How do I search most common words in very big file (over 1 Gb) wit using 1 Kb or less memory?

127 Views Asked by At

I have very big text file, with dozens of millions of words, one word per line. I need to find top 10 most common words in that file. There is some restrictions: usage of only standard library and usage of less that 1 KB of memory.

It is guaranteed that any 10 words in that file is short enough to fit into said memory limit and there will be enough memory to some other variables such as counters etc.

The only solution I come with is to use another text file as additional memory and buffer. But, it seems to be bad and slow way to deal with that problem.

Are there any better and efficient solutions?

2

There are 2 best solutions below

0
On BEST ANSWER

If you can create a new file however big, you can create a simple disk-based tree database holding each word and its frequency so far. This will cost you O(log n) each time, with n from 1 to N words, plus the final scan of the whole N-sized tree, which adds up to O(N log N).

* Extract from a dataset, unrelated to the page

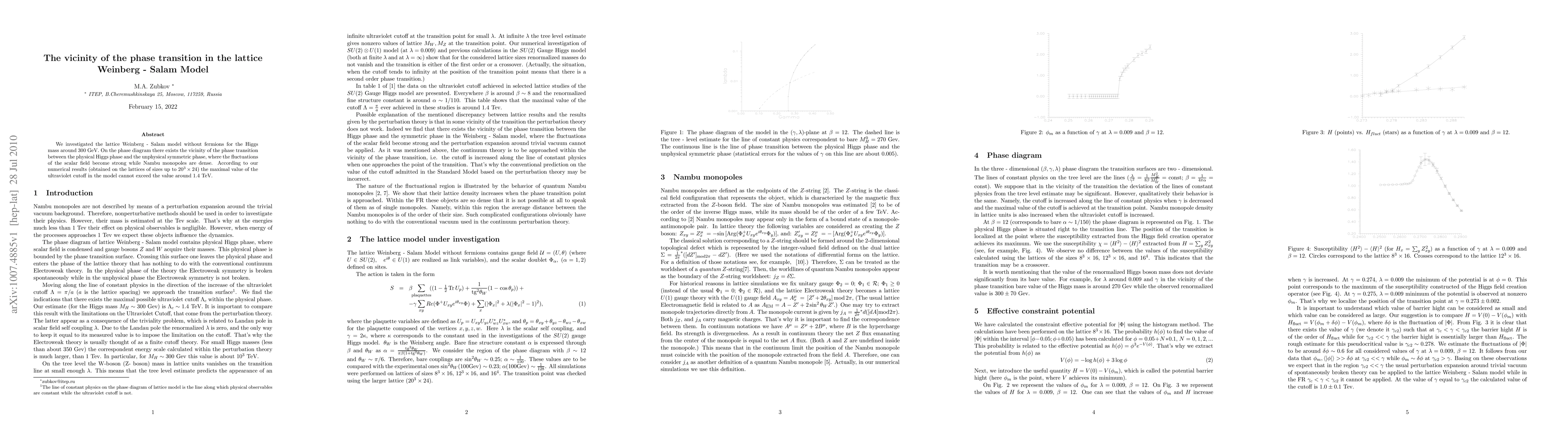 This study investigates the lattice Weinberg-Salam model near the phase transition between the physical Higgs phase and the symmetric phase, revealing strong scalar field fluctuations and dense Nambu monopoles. Numerical simulations show that the ultraviolet cutoff for the model should not exceed approximately 1.4 TeV.

If you cannot create a new file, you'll need to perform a in-place sorting of the whole file, which will cost about O(N2). That's closer to O((N/k)2), I think, with k the average number of words you can keep in memory for the simplest bubble-sort - but that is O(1/k2)O(N2) = K O(N2) which is still O(N2). At that point you can rescan the file one final time, and after each run of each word you'll know whether that word can enter your top ten, and at which position. So you need to fit just twelve words in memory (the top ten, the current word, and the word just read from the file). 1K should be enough.

So, the auxiliary file is actually the fastest option.

6
On

You can first sort this file (it is possible with limited memory, but will require disk IO of course - see How do I sort very large files as starter).

Then you will be able to read sorted file line by line and calculate frequency of each word one by one - store them, after 10 words - if frequency is higher then all stored in your array - add it to internal array and remove least occurred one, thus you will keep only 10 most frequent words in memory during this stage.

As @John Bollinger mentioned - if your requirment is to print all top 10 words, if for example - all words from files have the same frequency, i.e. they all are "top", then this approach will not work, you need to calculate frequency for each word, store in file, sort it and then print top 10 including all words with the same frequency as 10th one.